У Ганина вырвался вздох разочарования… И как же раньше он этого не замечал?! Почему!? «Все просто, — самому себе мысленно ответил Ганин. — После того как я встретил живую девушку, невозможно любить мертвую…»
Боже мой! — спохватился Ганин. Он только сейчас понял, только сейчас… Девушка на портрете мертва!

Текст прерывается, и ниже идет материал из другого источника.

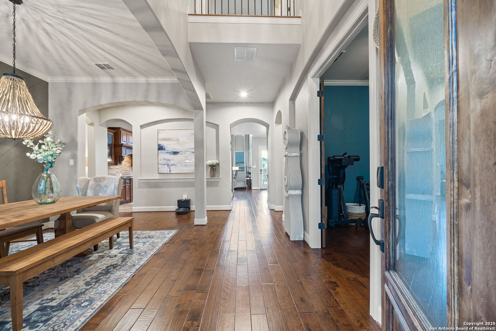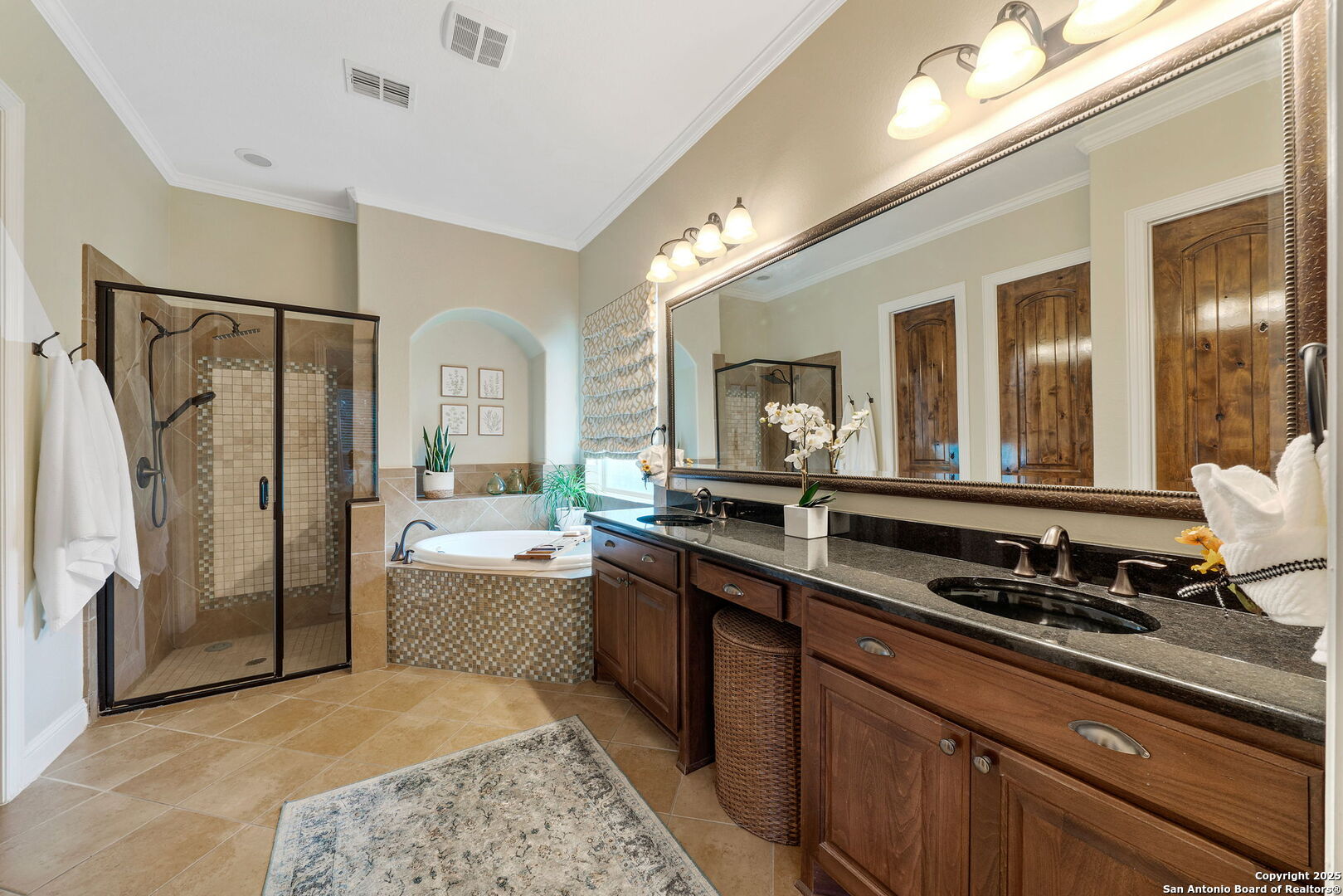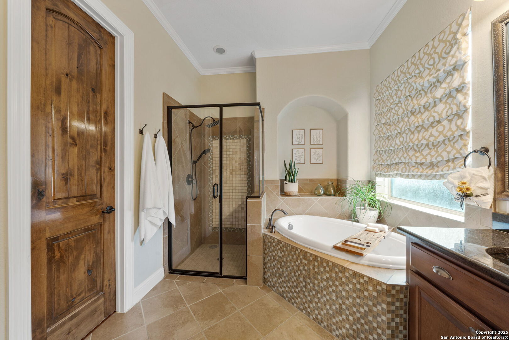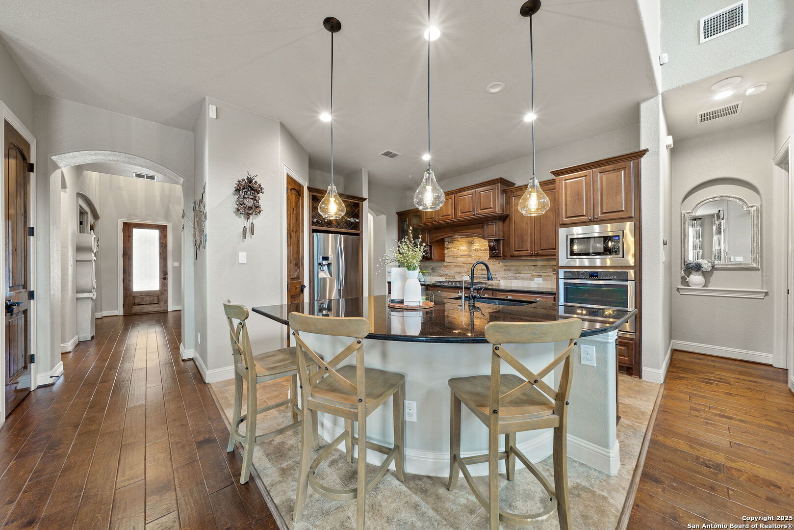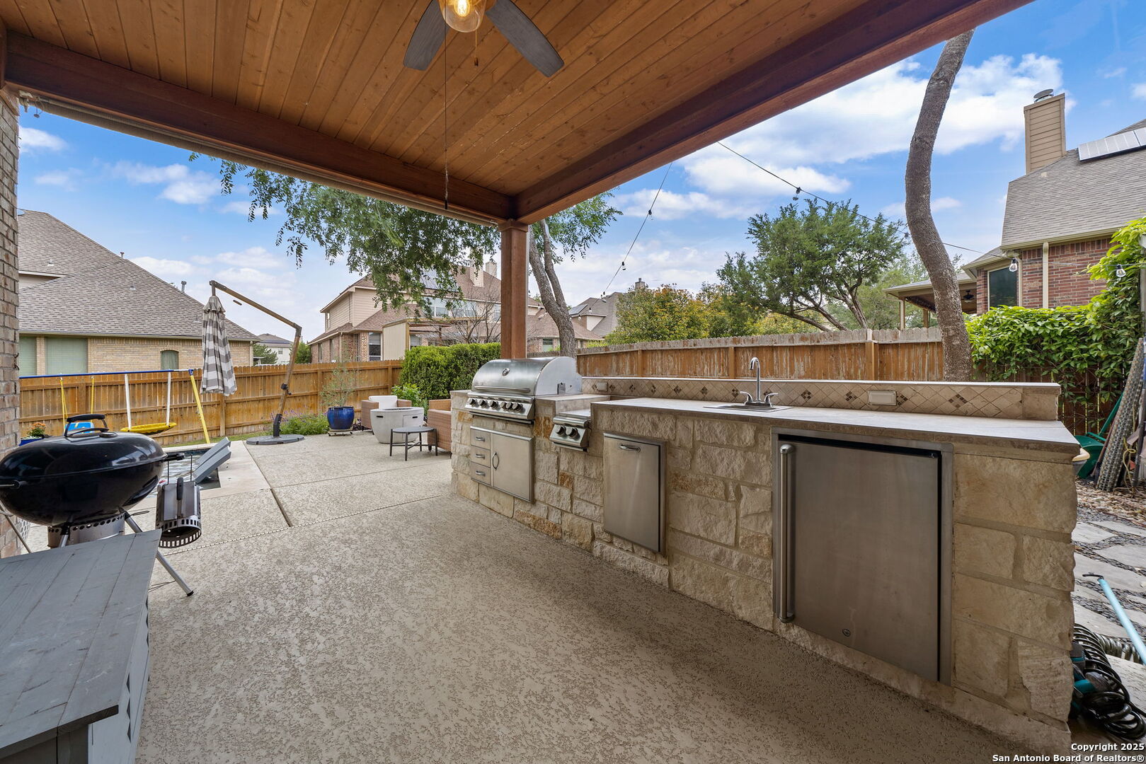 MULTIPLE OFFERS PLEASE SUBMIT HIGHEST AND BEST BEFORE 5:00 ON MONDAY MAY 5, 2025! DISCOVER this beautiful home in the gated community of The Summit at Alamo Ranch. An open floorplan, 3059 sq ft., high ceilings, an impressive grand familyroom with a cozy fireplace to snuggle by on those cold winter nights. The gourmet kitchen has gas cooking and beautiful granite countertops with a large island and seating, perfect for entertaining guests. Two dining areas- a large formal dining for entertaing and celebrations and a cozy dining area with space for a breakfast table. The primary bedroom suite has impressive windows throughout. The luxurious primary bath has a definte spa-like feel for enjoying a long relaxing bath. Thoughtfully designed, the laundry room is right off the huge primary closet. There is also a substantial office with decorative built-in shelving. Upstairs is a picturesque loft that overlooks the downstairs with amazing possibilities for a gameroom, playroom, craft room, or additional entertainment room. Three bedrooms up with two full bathrooms, there is plenty of space to enjoy and grow into. Outside, the parklike backyard offers something for everyone: An outdoor kitchen for BBQ's, an amazing pool with water features, outdoor lighting and a pool deck. Playset and space for outdoor games and fun. Racedeck garage floors with Kobalt Cabinets in this 3 car garage. WAIT there is more. Soloar Panels for savings on your energy bills, Alamo water softener, Lutron smart switches, Nest thermostats...DO NOT MISS OUT... WELCOME HOME!

Она мертва, как египетские мумии, как манекены в магазинах, как… Она мертва, и в ней нет ни капли жизни — идеальные формы и пропорции женского тела, лица… Формы, в которых нет жизни! Это сама смерть, по иронии судьбы пытающаяся изображать жизнь, причем так же нелепо, как престарелая модница пытается подражать юным прелестницам, надев такие же наряды и сделав такой же макияж, что и они…
И у Ганина снова вырвался вздох разочарования. Он встал со стула и оказался в рост с девушкой с портрета — и обомлел… Из ее фиалковых глаз бежали, оставляя тонкие влажные дорожки на холсте, две крохотные слезинки, а губы, еще недавно растянутые в обольстительной улыбке, были до крови закушены зубами…
«Чем я хуже НЕЕ?» — пронзила его голову мысль, а потом — одна за другой — как выстрелы из огнестрельного оружия: — «Она постареет. Она умрет. Я — сама вечность. Я — само совершенство. Мои цветы в лукошке никогда не завянут. Солома в моей чудной шляпке никогда не сгниет. Мое шелковое платьице никогда не надо стирать… Поцелуй раму, как прежде! Назови меня совершенством! Преклони колени!!!»
Но Ганин отшатнулся и, в ужасе широко раскрыв глаза, закричал:
— Кто ты?! Кто?! Ты — не мой портрет! Ты какое-то наваждение! Кто ты НА САМОМ ДЕЛЕ?!
«Я — та, кому ты дал жизнь — прекрасную жизнь в этом прекрасном сосуде! Я — та, кто жаждет любви и восхищения! Я — та, кто не потерпит измены и никому не простит обиды!» — При последней мысли в фиалковых глазах заблестели кроваво-красные искорки, а белоснежные зубки хищно сверкнули из-под полных чувственных губ.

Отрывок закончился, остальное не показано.